Accretion disks play a prominent role in modern astrophysics, yet we
remain largely ignorant of their detailed structure and local
dynamics. The importance of angular momentum transport has been
understood for a long time, but for many years our understanding of
disks has been built on a parameterization of some unknown transport
mechanism. In addition to local sources of transport such as MHD
turbulence, global processes may also contribute to the transport of
angular momentum in accretion disks. In particular, spiral shock waves
can act as a local sink for angular momentum. Because these waves are
traveling slower than the local Keplerian velocity, they contain
negative angular momentum, and any dissipation at the shock will
decrease the angular momentum of the orbiting gas.

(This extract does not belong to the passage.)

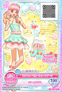 Mint Harmony Coord (ミントハーモニーコーデ) is a rare coord made by the cute brand Sugar Melody. It debuted in Part 1 of the Data Carddass Aikatsu on Parade! series and did not appear in the anime.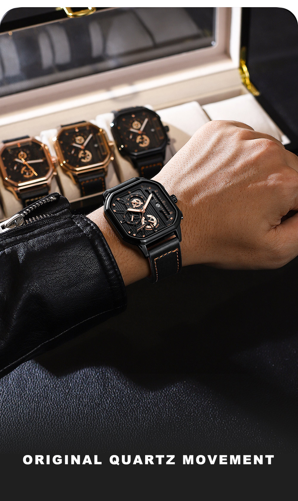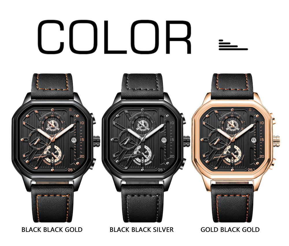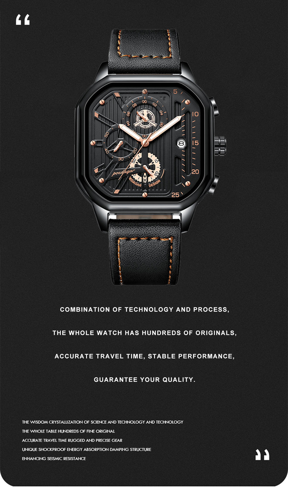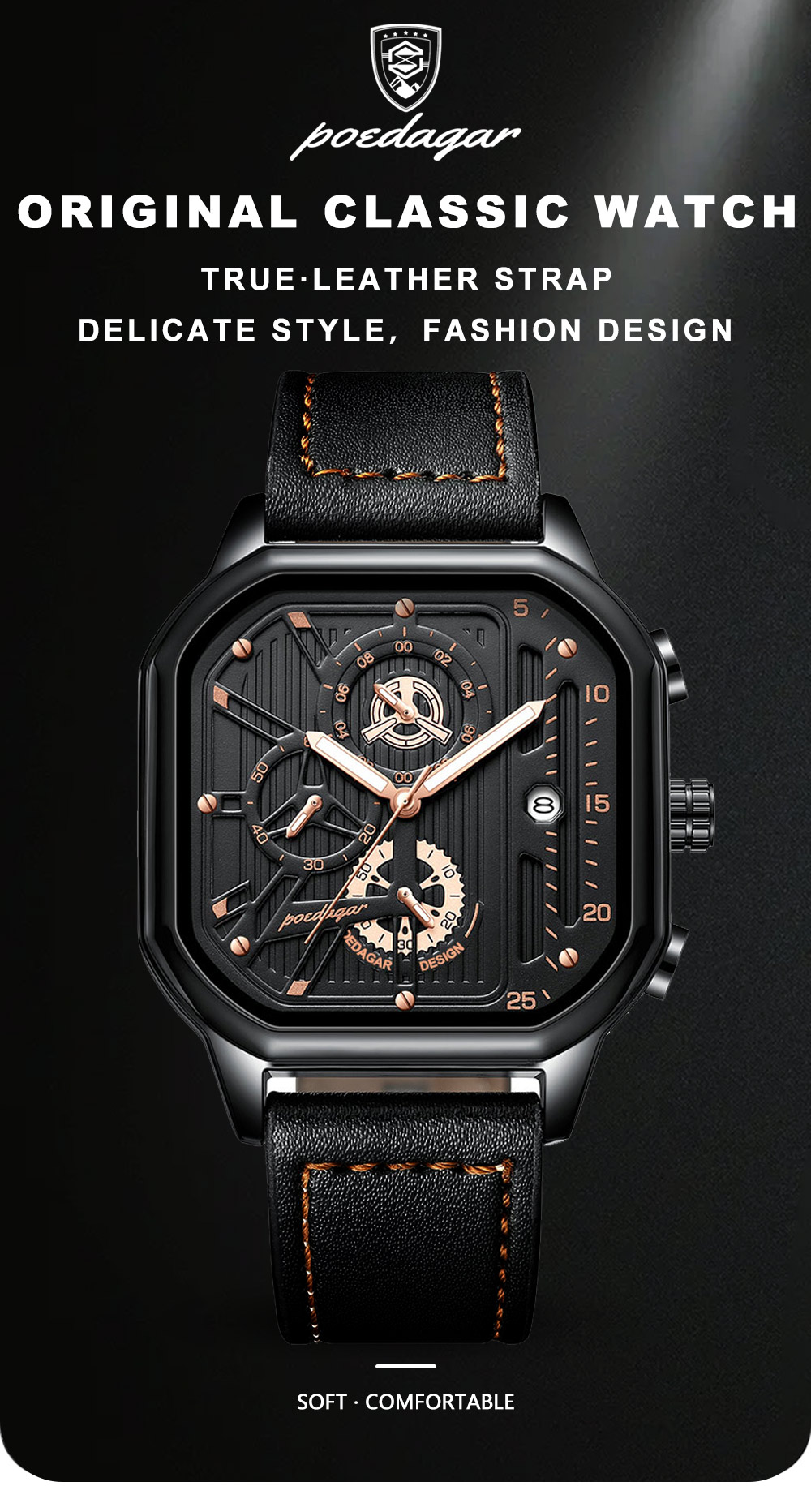 Poedagar PO628L Black PU Leather Chronograph Wrist Watch For Men - Golden & Black

While spiral waves
can be produced by a variety of sources, they arise naturally in binary
star systems such as X-ray binaries, cataclysmic variables, and binary
proto-stars, where the gravitational pull of a binary companion creates
a two-armed spiral shock wave that co-rotates with the binary system.
There has been a great deal of numerical work regarding spiral
waves in accretion disks.
The results of these simulations suggest that spiral waves are
a robust feature of accretion disks in binary systems, and that these
spiral shocks can indeed transport mass and angular momentum through the
disk. They do not, however, provide a quantitative measure of this
transport. The goal of this work is to measure an effective alpha
due to spiral shocks excited in accretion disks by the tidal forces
of a binary companion.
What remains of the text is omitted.